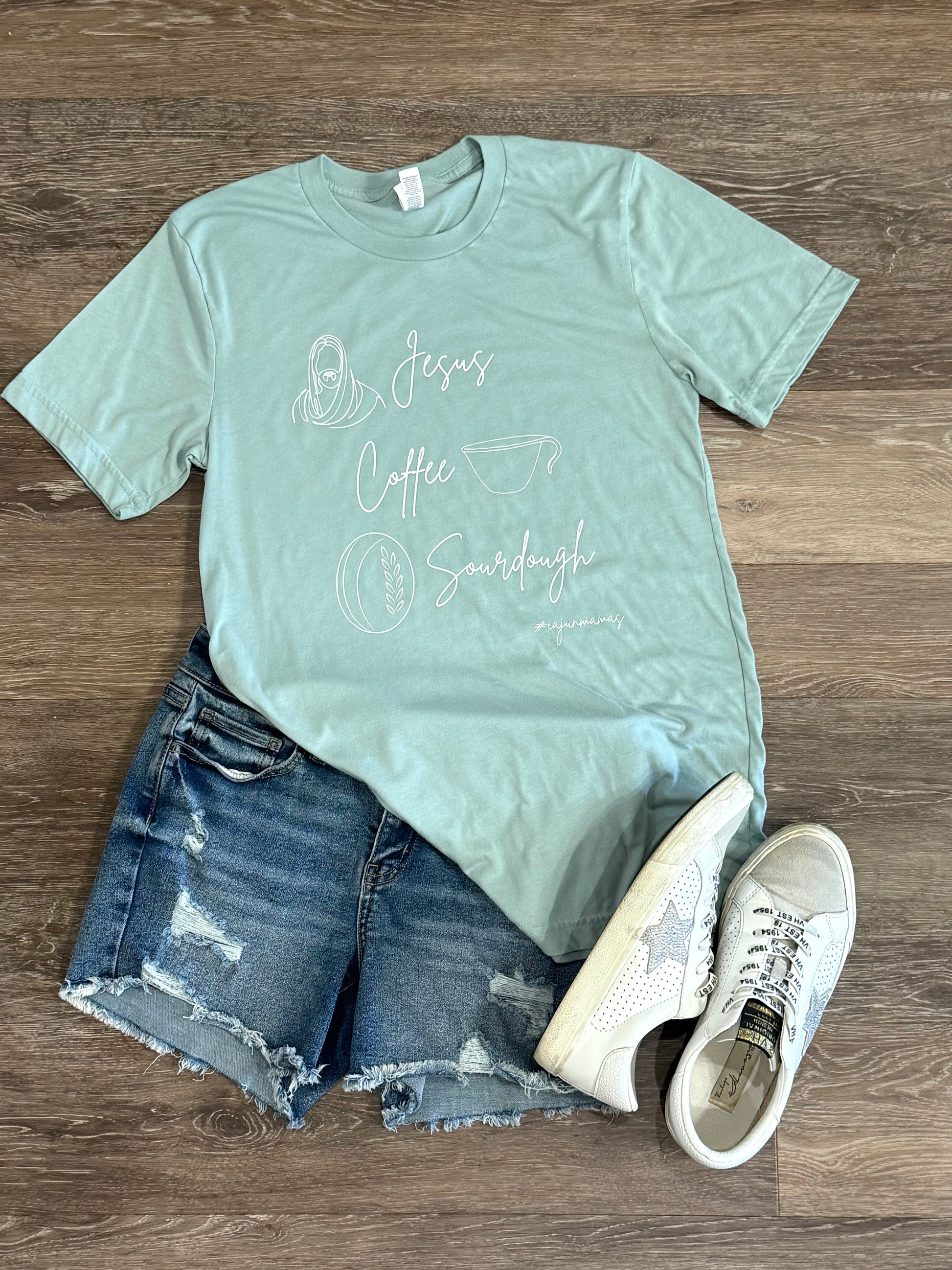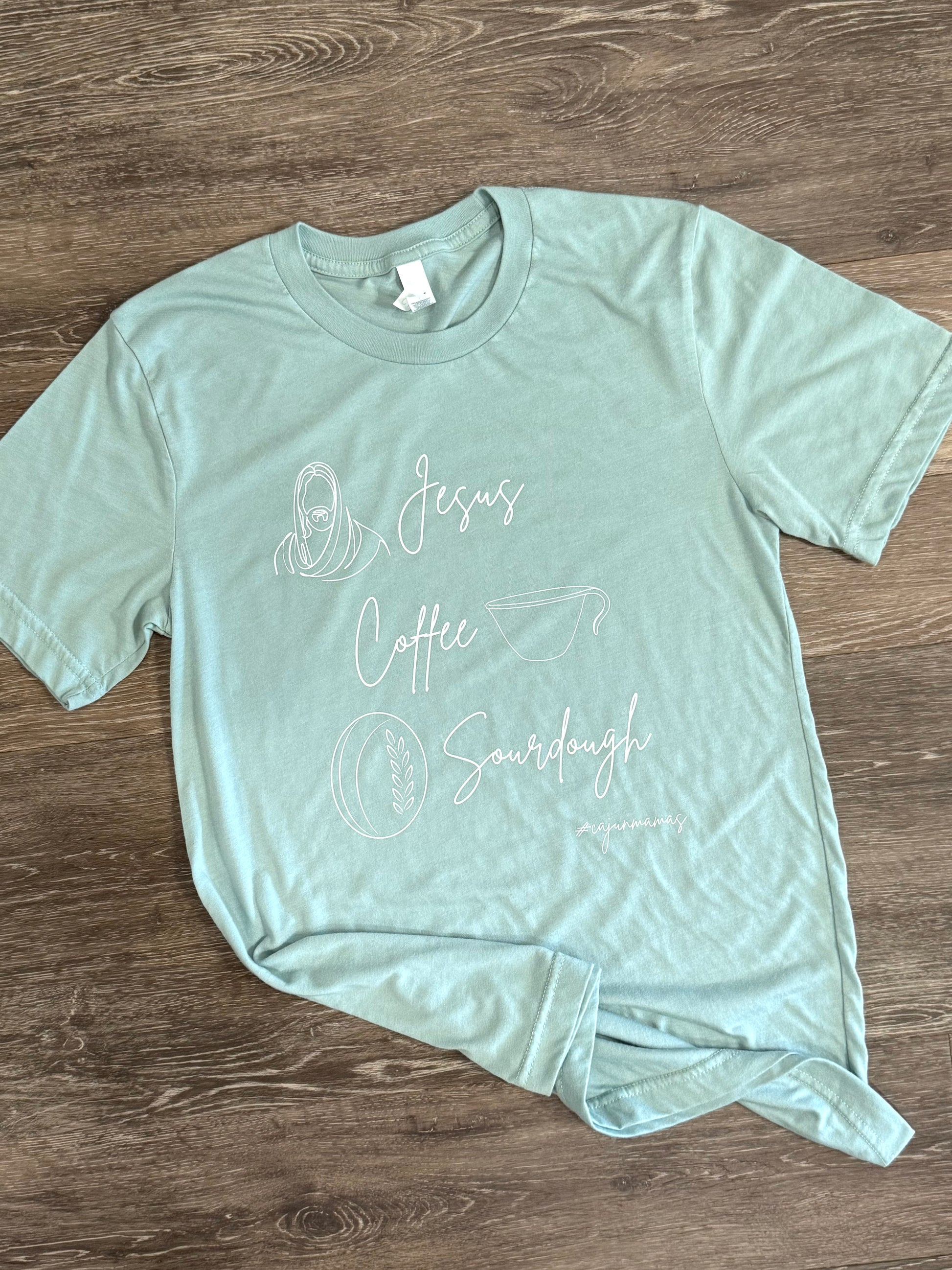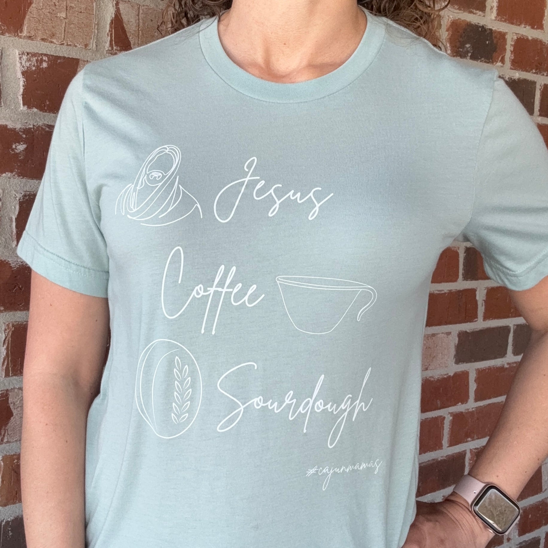 This shirt is dedicated to 3 of our favorite things: Jesus, Coffee, and Sourdough!
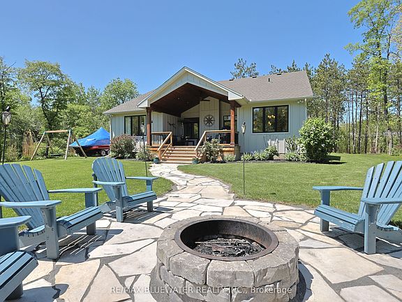 Custom built modern bungalow on a one acre lot surrounded by nature near the Pinery Provincial Park. Drive through the tree lined driveway and your greeted with your new home built in 2021 by Nicholson Builders. Great curb appeal with the landscaped gardens and flagstone walkway leading to the covered front entrance and front porch seating area. Inside, you have a 1742 sqft open concept design with well appointed finishes and flowing with natural light featuring engineered hardwood floors throughout the main floor. Step inside the front foyer and you feel the warmth of the space that invites you in and makes you feel at home. As you enter the living room you will notice the coffered ceilings above and a stone feature wall around the gas fireplace. The kitchen features quartz countertops on two tone cabinetry, large island with waterfall countertop edges, herringbone patterned tile backsplash and stainless steel appliances. Spacious eating area off the kitchen and living room with large windows overlooking the back yard and access to the covered deck. Main floor primary bedroom suite with walk in closet and beautiful ensuite that includes a double vanity and tile shower. The main floor also includes his and her separate offices that border the front foyer overlooking the front entrance or easily include a guest room on the main floor as both offices have full closets. There's an additional full bathroom off the main living space and a mudroom with laundry as you enter from the 22'x24' double car garage. Full finished basement with large family room that features and electric fireplace, 3 bedrooms for kids and guests or crafts, full bathroom, workshop for the handy person and lots of storage in the utility room. Entertain friends in your private back yard as you enjoy the 18' x 14' covered back deck with vaulted ceilings and pot lighting overlooking the tree lined natural setting and flagstone walkway leading to your armour stone firepit. BONUS: GENERAC Generator!
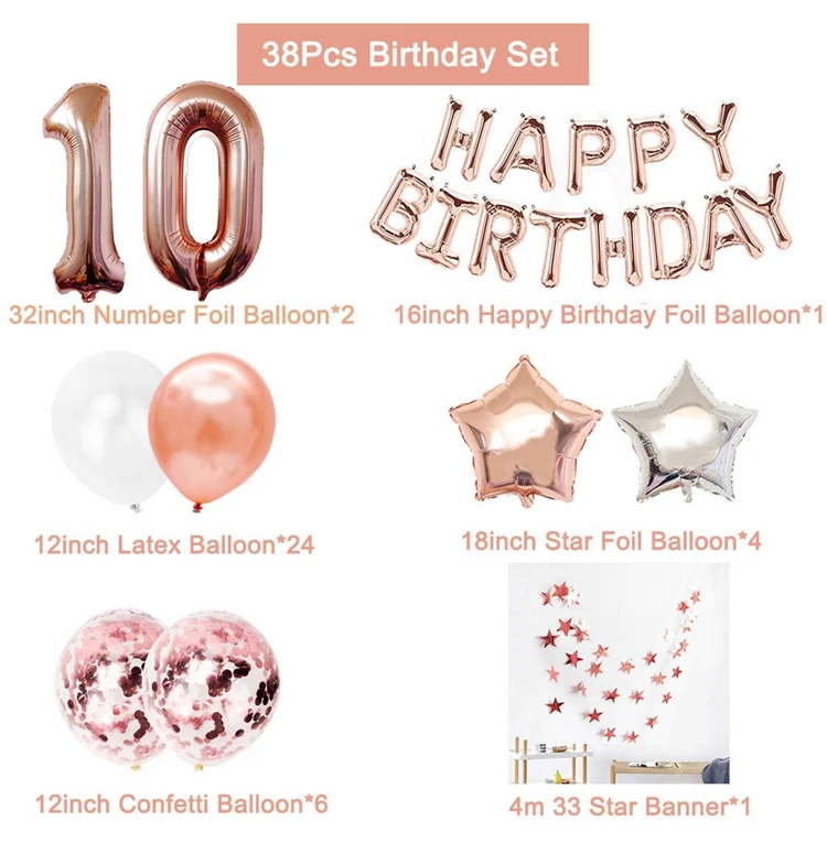 2 шт. 32 дюймов воздушные шары из фольги в виде цифр1 комплект 16 дюймов фольга письма с поздравлениями с днем рождения воздушные шары4 штуки, 18 дюймов воздушные шары из фольги в форме звезды6 шт. 12 дюймов конфетти воздушные шары12 шт 12-дюймовые прозрачные перламутровые латексные шары12 шт 12-дюймовые латексные воздушные шары из розового золота с жемчугом1 шт 4 метра бумажный Звездный баннер
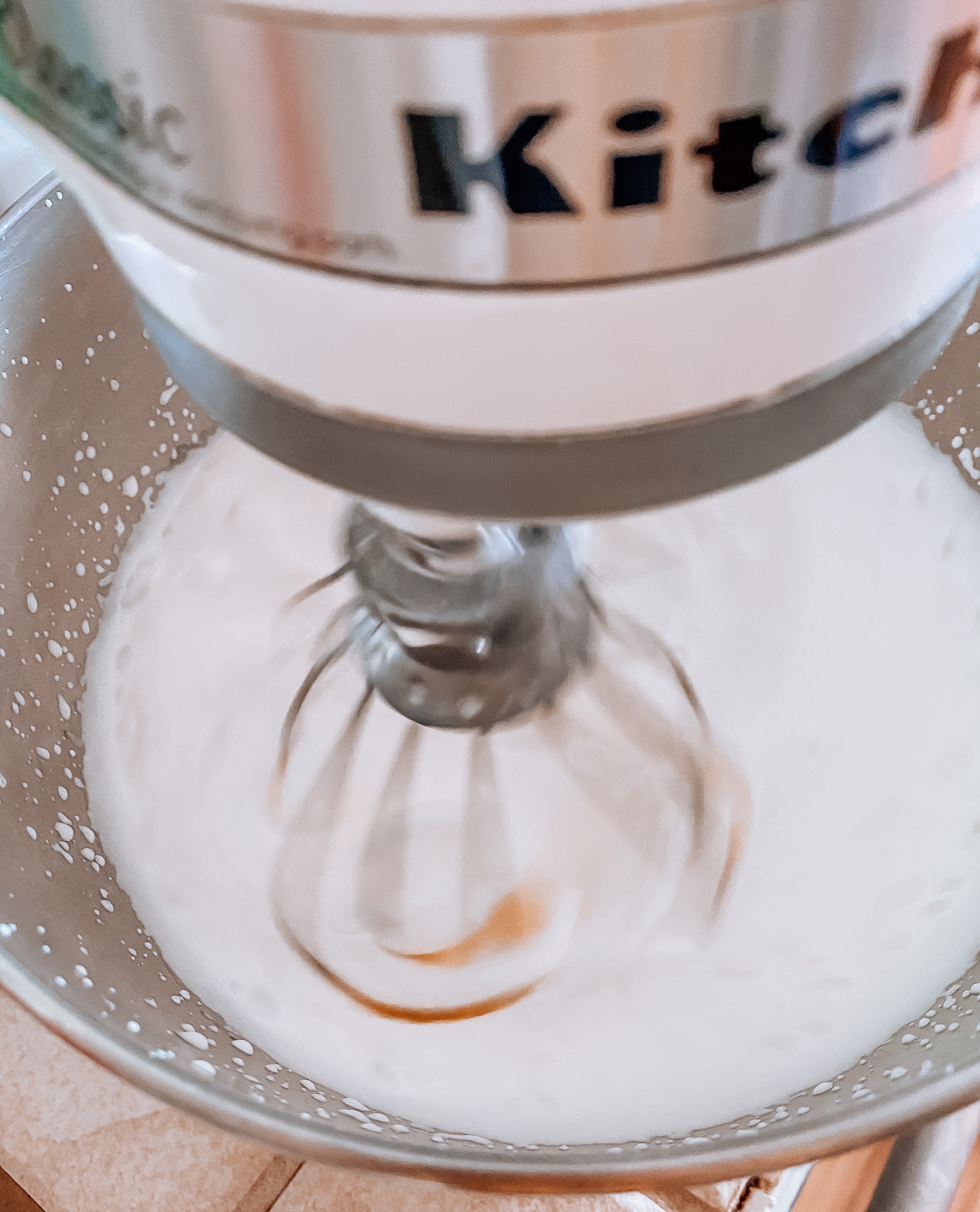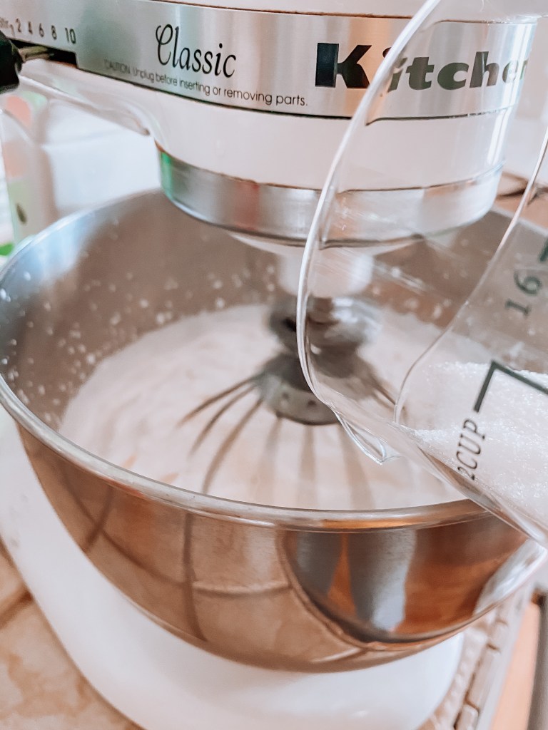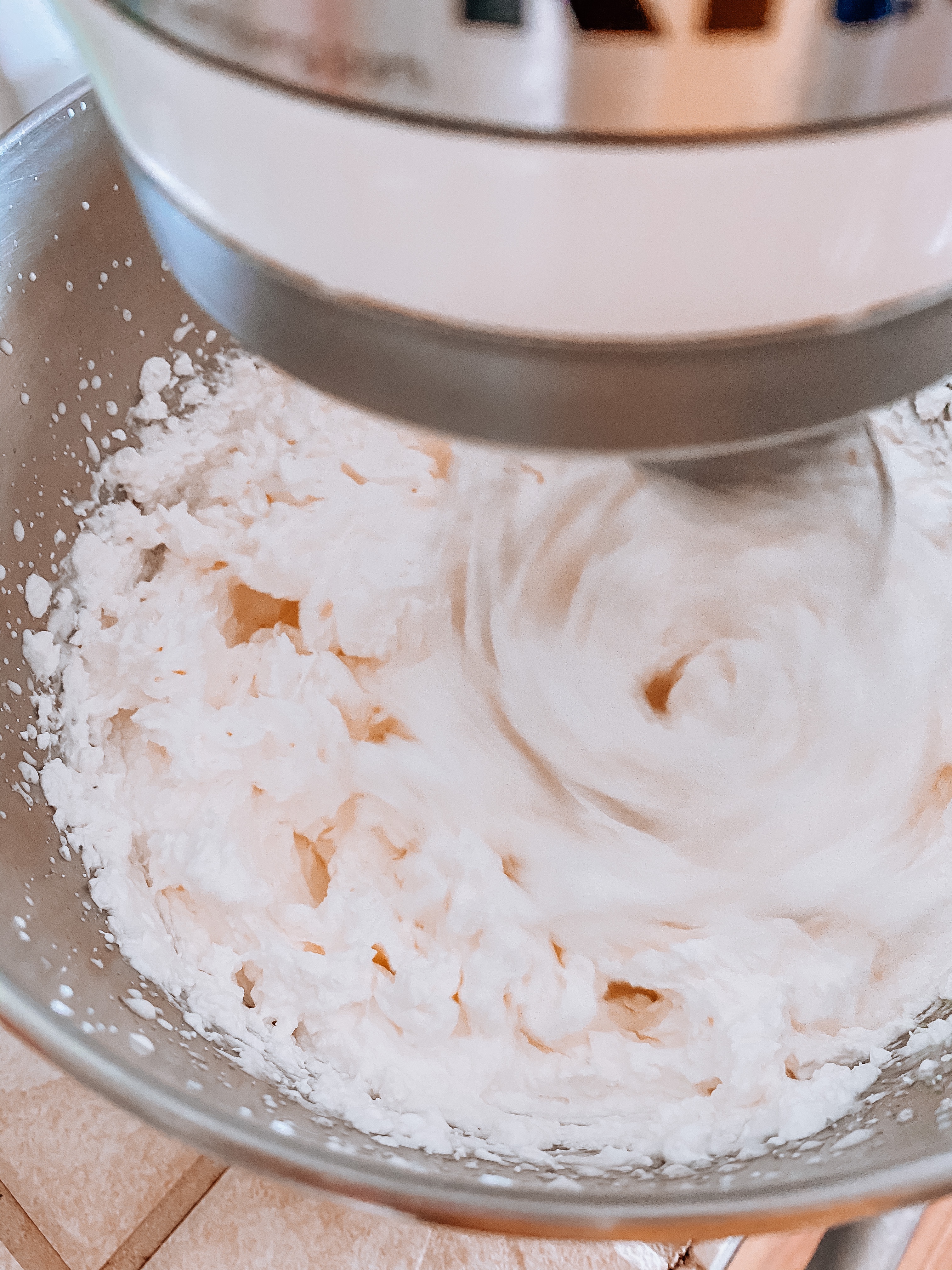 In a large mixing bowl, (I used my kitchen aid mixer) beat the heavy cream on high speed until it begins to thicken. Add the sugar one tablespoon at a time, and the add pure vanilla extract. Beat until the mixture is thick and spreadable. Mix about 3 minutes!

━━━━━━━━

Instructions for the task: Leaving the pictures out, write out all the material above exactly.

Answer to this exercise:
 This shirt is dedicated to 3 of our favorite things: Jesus, Coffee, and Sourdough!
 Custom built modern bungalow on a one acre lot surrounded by nature near the Pinery Provincial Park. Drive through the tree lined driveway and your greeted with your new home built in 2021 by Nicholson Builders. Great curb appeal with the landscaped gardens and flagstone walkway leading to the covered front entrance and front porch seating area. Inside, you have a 1742 sqft open concept design with well appointed finishes and flowing with natural light featuring engineered hardwood floors throughout the main floor. Step inside the front foyer and you feel the warmth of the space that invites you in and makes you feel at home. As you enter the living room you will notice the coffered ceilings above and a stone feature wall around the gas fireplace. The kitchen features quartz countertops on two tone cabinetry, large island with waterfall countertop edges, herringbone patterned tile backsplash and stainless steel appliances. Spacious eating area off the kitchen and living room with large windows overlooking the back yard and access to the covered deck. Main floor primary bedroom suite with walk in closet and beautiful ensuite that includes a double vanity and tile shower. The main floor also includes his and her separate offices that border the front foyer overlooking the front entrance or easily include a guest room on the main floor as both offices have full closets. There's an additional full bathroom off the main living space and a mudroom with laundry as you enter from the 22'x24' double car garage. Full finished basement with large family room that features and electric fireplace, 3 bedrooms for kids and guests or crafts, full bathroom, workshop for the handy person and lots of storage in the utility room. Entertain friends in your private back yard as you enjoy the 18' x 14' covered back deck with vaulted ceilings and pot lighting overlooking the tree lined natural setting and flagstone walkway leading to your armour stone firepit. BONUS: GENERAC Generator!
 2 шт. 32 дюймов воздушные шары из фольги в виде цифр1 комплект 16 дюймов фольга письма с поздравлениями с днем рождения воздушные шары4 штуки, 18 дюймов воздушные шары из фольги в форме звезды6 шт. 12 дюймов конфетти воздушные шары12 шт 12-дюймовые прозрачные перламутровые латексные шары12 шт 12-дюймовые латексные воздушные шары из розового золота с жемчугом1 шт 4 метра бумажный Звездный баннер
 In a large mixing bowl, (I used my kitchen aid mixer) beat the heavy cream on high speed until it begins to thicken. Add the sugar one tablespoon at a time, and the add pure vanilla extract. Beat until the mixture is thick and spreadable. Mix about 3 minutes!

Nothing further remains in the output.